I have not yet added start_time or end_time; we need to discuss whether to use nominal bounds or actual bounds (which would require a lot more work).

bonnland commented 3 years ago

I have not yet added start_time or end_time; we need to discuss whether to use nominal bounds or actual bounds (which would require a lot more work).

By nominal bounds, do you mean the start and end time steps reflected in, for example, the NetCDF files for NA-CORDEX? Because this should work fine when it comes to creating Zarr stores. The concatenate/merge step for Zarr creation simply requires aligned calendar axes, and the resulting time axis will be the union of all aligned time steps.

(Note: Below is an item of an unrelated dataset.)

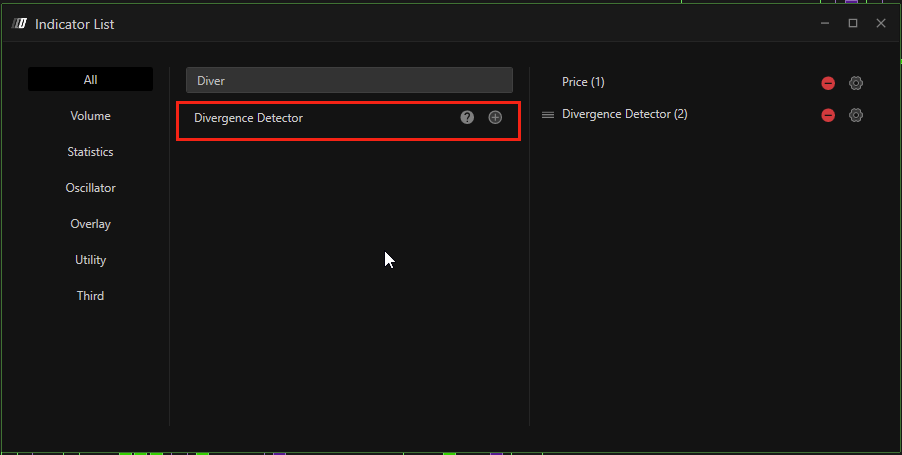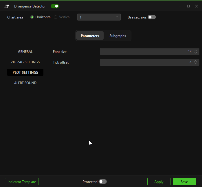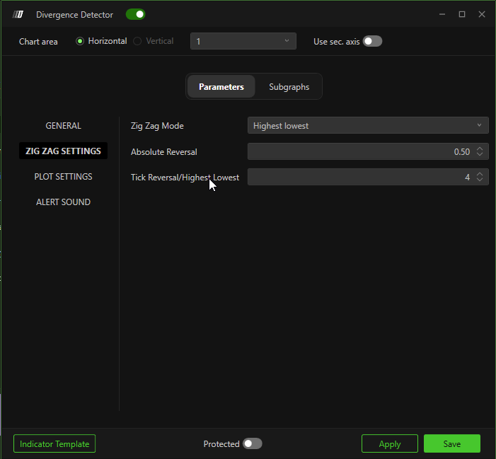 The Divergence Detector indicator for identifying swing points is based on the Zig Zag, which can be set in different ways:

jeffdlb commented 3 years ago

Thanks for continuing to work on this.

Brian and I discussed how to structure the zarr catalog for NA-CORDEX and decided it would be best to catalog data granules at the logical level (one record per distinct data element), rather than the physical level (one record per zarr store). So it will have one row for each ensemble member in each zarr store.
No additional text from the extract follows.